*** DATA TO EXAMINE ***

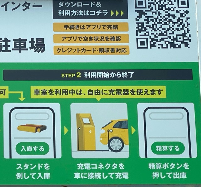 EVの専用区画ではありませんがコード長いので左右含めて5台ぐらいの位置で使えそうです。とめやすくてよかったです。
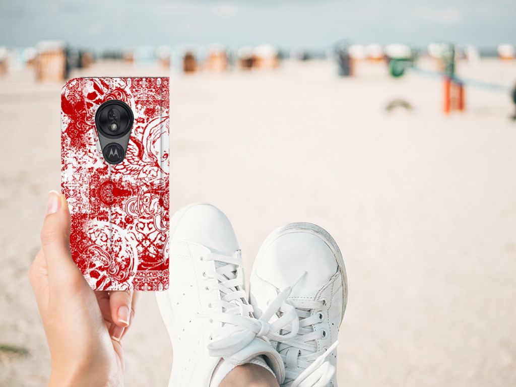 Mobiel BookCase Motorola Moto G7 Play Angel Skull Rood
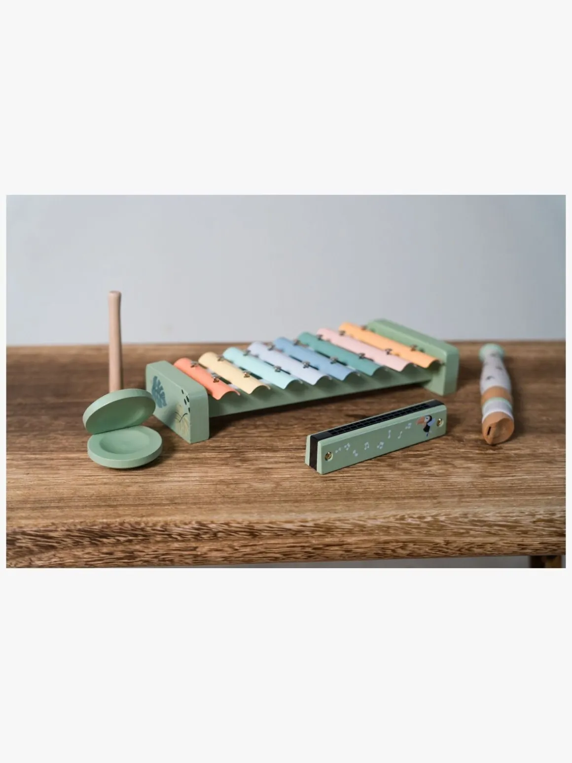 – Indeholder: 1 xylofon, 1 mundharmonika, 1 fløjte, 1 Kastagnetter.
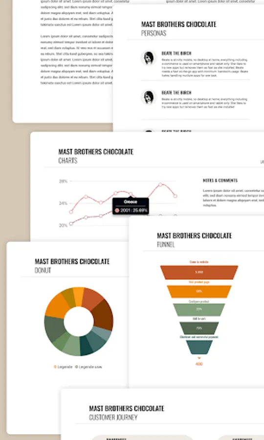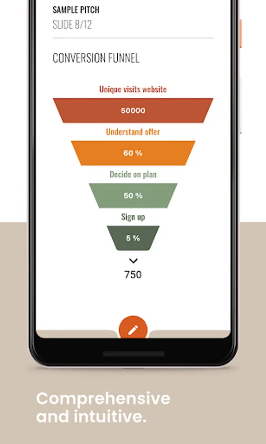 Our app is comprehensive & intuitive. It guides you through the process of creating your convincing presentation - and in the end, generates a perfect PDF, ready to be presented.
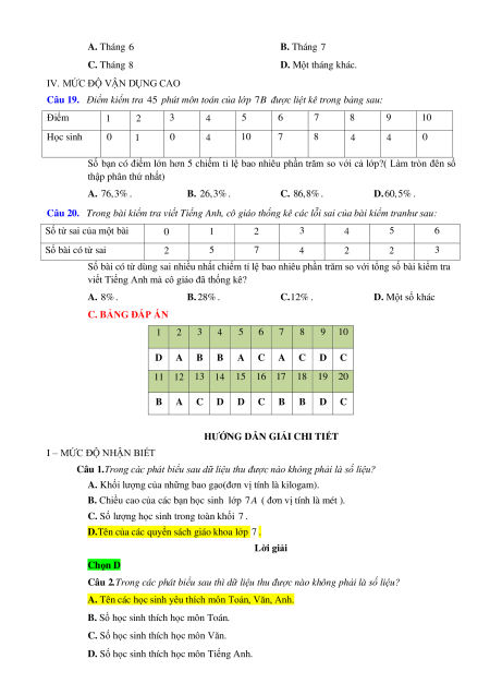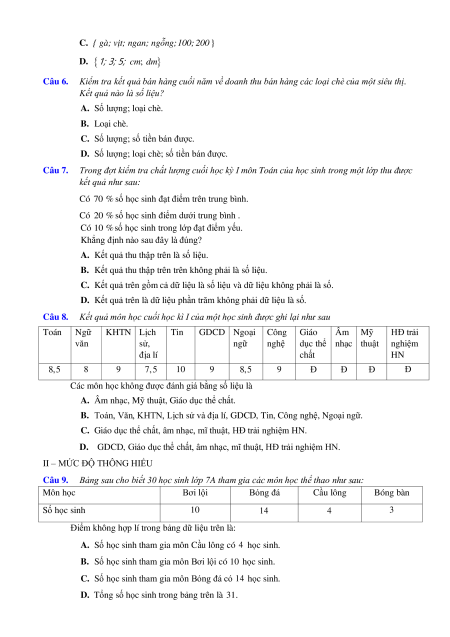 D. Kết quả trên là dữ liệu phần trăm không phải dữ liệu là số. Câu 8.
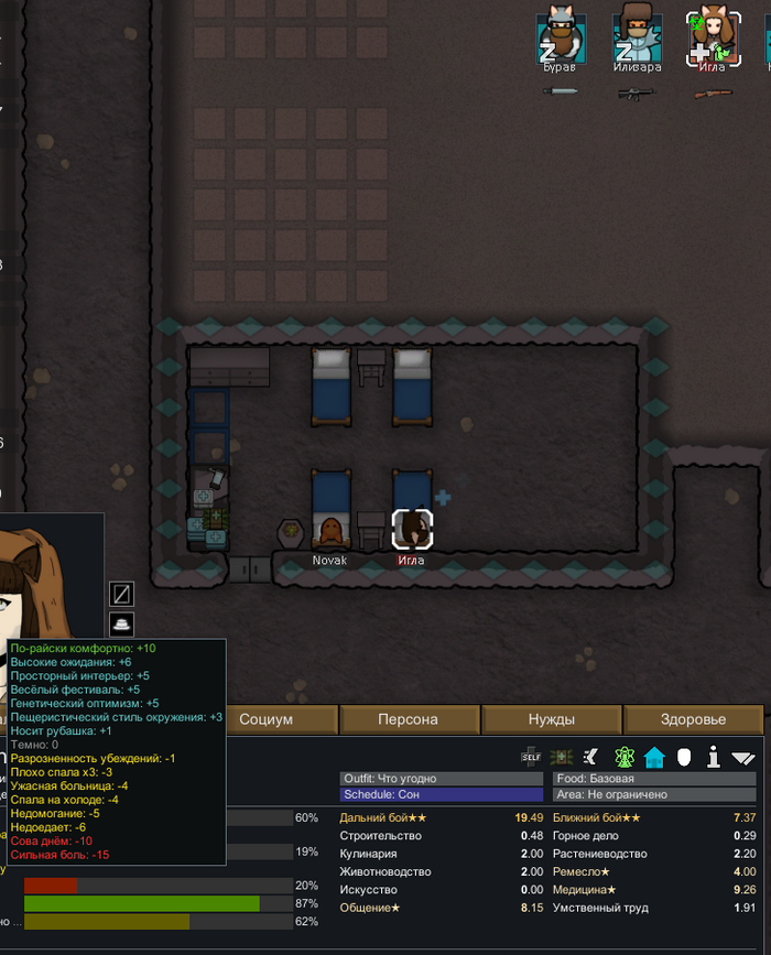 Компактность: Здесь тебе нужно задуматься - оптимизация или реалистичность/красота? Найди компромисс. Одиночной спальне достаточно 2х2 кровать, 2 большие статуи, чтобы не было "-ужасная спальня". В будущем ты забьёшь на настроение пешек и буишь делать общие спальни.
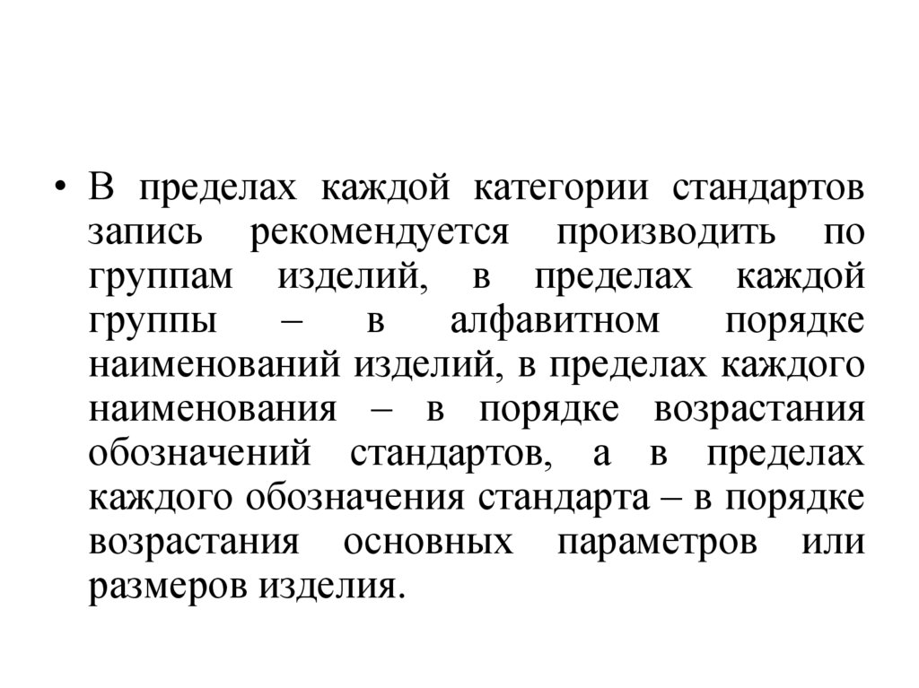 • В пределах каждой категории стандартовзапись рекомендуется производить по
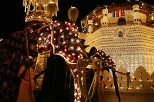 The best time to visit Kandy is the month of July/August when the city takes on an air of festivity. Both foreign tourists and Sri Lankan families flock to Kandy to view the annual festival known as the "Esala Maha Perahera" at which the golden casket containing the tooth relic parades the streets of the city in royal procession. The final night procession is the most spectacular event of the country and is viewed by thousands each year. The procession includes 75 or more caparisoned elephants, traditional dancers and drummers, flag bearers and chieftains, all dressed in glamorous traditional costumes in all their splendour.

*** End of DATA TO EXAMINE ***

* **EXERCISE GOAL**: Write the entries above out again exactly, omitting each image.

* **SOLUTION TO THE PROBLEM**:
 EVの専用区画ではありませんがコード長いので左右含めて5台ぐらいの位置で使えそうです。とめやすくてよかったです。
 Mobiel BookCase Motorola Moto G7 Play Angel Skull Rood
 – Indeholder: 1 xylofon, 1 mundharmonika, 1 fløjte, 1 Kastagnetter.
 Our app is comprehensive & intuitive. It guides you through the process of creating your convincing presentation - and in the end, generates a perfect PDF, ready to be presented.
 D. Kết quả trên là dữ liệu phần trăm không phải dữ liệu là số. Câu 8.
 Компактность: Здесь тебе нужно задуматься - оптимизация или реалистичность/красота? Найди компромисс. Одиночной спальне достаточно 2х2 кровать, 2 большие статуи, чтобы не было "-ужасная спальня". В будущем ты забьёшь на настроение пешек и буишь делать общие спальни.
 • В пределах каждой категории стандартовзапись рекомендуется производить по
 The best time to visit Kandy is the month of July/August when the city takes on an air of festivity. Both foreign tourists and Sri Lankan families flock to Kandy to view the annual festival known as the "Esala Maha Perahera" at which the golden casket containing the tooth relic parades the streets of the city in royal procession. The final night procession is the most spectacular event of the country and is viewed by thousands each year. The procession includes 75 or more caparisoned elephants, traditional dancers and drummers, flag bearers and chieftains, all dressed in glamorous traditional costumes in all their splendour.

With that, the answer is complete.